A intenção era a de que os ‘Colonos Beaucourt’ reforçassem a população da Colônia Militar do Urucu. Essa colônia militar fica no caminho de Santa Clara a Filadélfia, atualmente Nanuque e
Teófilo Otoni.
O que estas famílias tiveram de enfrentar é difícil até de imaginar. A Companhia do Mucuri é responsável pelo transporte a partir do Rio de Janeiro. Com uma pequena embarcação e alguns barcos rebocados para a bagagem eles navegam pelo rio Mucuri em direção ao interior até chegarem a primeira grande cachoeira, no assentamento Santa Clara. Lá eles são acomodados
em um galpão.
A última etapa da viagem deve ser feita a pé. A bagagem vai em carros de boi. Esse primeiro contato com a mata atlântica é cruel para as famílias de Zeeland. Os seus corpos, pele, olhos e ouvidos não estão preparados para isso. Árvores imponentes, um emaranhado de folhas
ligadas por cipós não deixam os raios do sol passarem, arbustos e todo tipo de obstáculos impedem a passagem. Mosquitos e estranhos insetos os rodeiam e formam verdadeiras nuvens que tentam penetrar via boca e nariz. As roupas compridas e quentes de Zeeland os protegem um pouco. Por causa do calor e do perigo de serem de repente atacados por índios que se escondem na mata, eles caminham à noite por trilhas recém desmatadas.
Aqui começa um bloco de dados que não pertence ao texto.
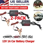 2 Pack Car Battery Chargers Maintainers Material: ABS Shell Color: Black Alligator Clips Color: Red & Black Plug: US Input: AC 110-240 V, 50-60HZ Output: DC 12V 1A LED indicator: Green=Battery full. Red =charging. Dimension: 85 x 48 x 30mm Input Wire length: 60 cm Output Wire length: 100 cm Features: 1. Short circuit protection ( LED goes out, charging stops) 2. Wrong connection protection (LED turns red, charging stops) 3. Battery is full (LED turns red, charging stops) 4. Charging time varies with the size of batteries, 12V 5- 7AH takes about 6 hours; 12V 9AH takes about 10 hours; 12V 15-17AH takes about 13-15 hours Package Including: 2 x 12V Battery Charger Maintainers with Alligator Cli ps
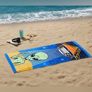 Bright, multi-colored towel features vibrant pattern of a peaceful green alien and an orange spaceship on a blue space background
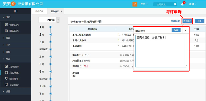 在【我的绩效】界面中【考评详情】区域右上方有个“考评申诉”按钮,点击后即可打开【考评申诉】界面,提交考评申诉。
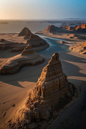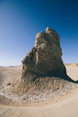 the formation of kaluts or sand stones or yardang in dasht e lut or sahara desert, iran. Nature and landscapes of desert. Middle East desert
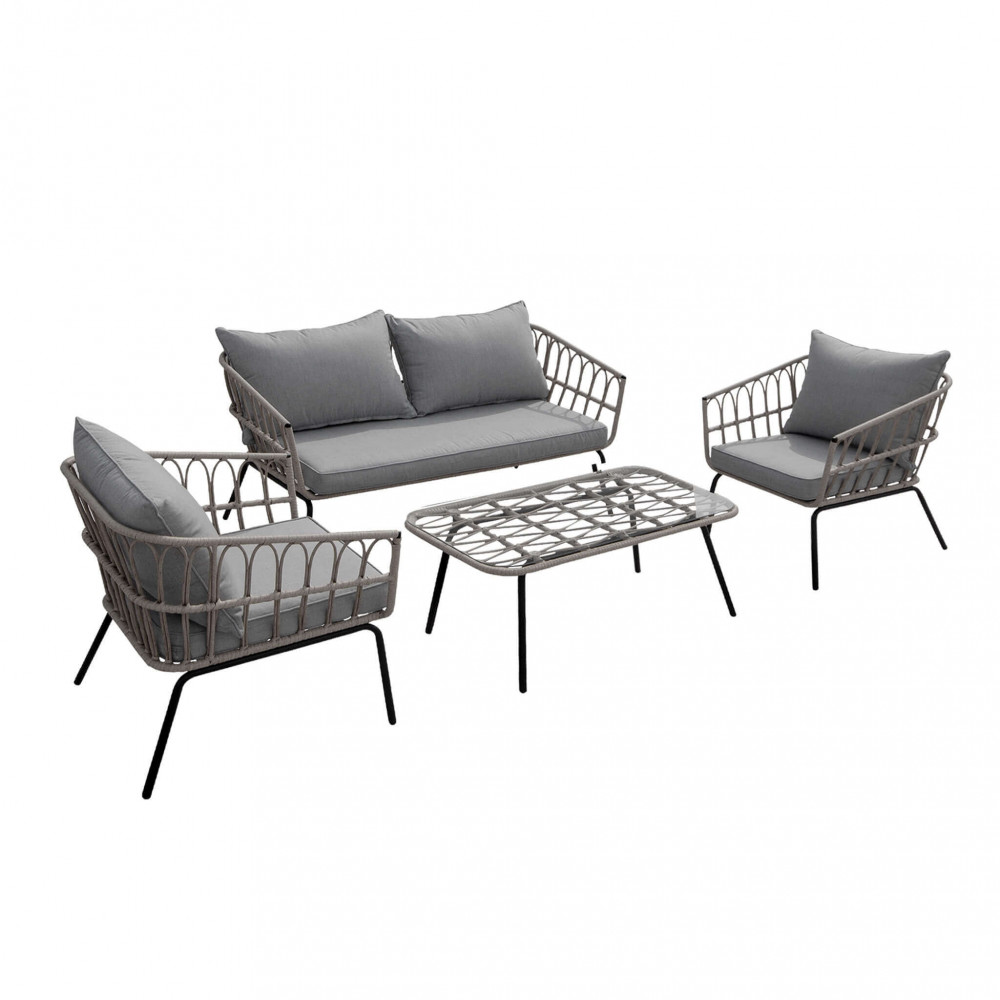 - Dati Tecnici Struttura in metallo GRIGIO SCURO cuscini in poliestere Dimensioni: D.143x70,5x73,5/P.68x70,5x73,5/T.95x50x44,5

Depois de terem se arrastado dessa forma por noites a frio, os imigrantes finalmente chegam à Colônia Militar do Urucu. A viagem durou seis dias desde a partida do porto.
Colônia Militar Urucu
O diretor da Colônia Militar, capitão Manoel Joaquim de Barros, se encontra acamado, seriamente doente, e sem condições de organizar o alojamento dos holandeses. Eles dependem então dos
escrúpulos de militares de baixo escalão. Os imigrantes dormem como soldados em casernas em camas de madeira, mulheres e crianças separadas dos homens. Comida é racionada devido à seca predominante. Alguns homens são levados ainda mais adiante na mata praticamente impenetrável, com todo tipo de insetos rastejantes, puladores e voadores. Eles realmente estão no inferno verde. Os soldados indicam: desta árvore até aquela é sua propriedade e daquela até a outra é a do seu vizinho. Machados e enxadas são distribuídos. Famintos, os imigrantes têm que limpar uma parte da mata sem nenhum outro recurso, sem a força dos cavalos ou bois.
Nunca antes eles viram árvores tão grandes e tão perto uma das outras. Um gigante desses, mesmo depois de ter sido cortado dos dois lados, ainda fica de pé, pois a copa está ligada a outras árvores através de cipós. Para conseguirem abrir uma clareira na mata às vezes é preciso cortar de seis a 12 árvores. Uma rajada de vento ou oscilação de uma das árvores pode fazer com que todas venham abaixo ao mesmo tempo com um estrondo que pode ser escutado há quilômetros do local. Estalidos de galhos que caem, um redemoinho de folhas e poeira. Uma revoada de pássaros. Situação assustadora.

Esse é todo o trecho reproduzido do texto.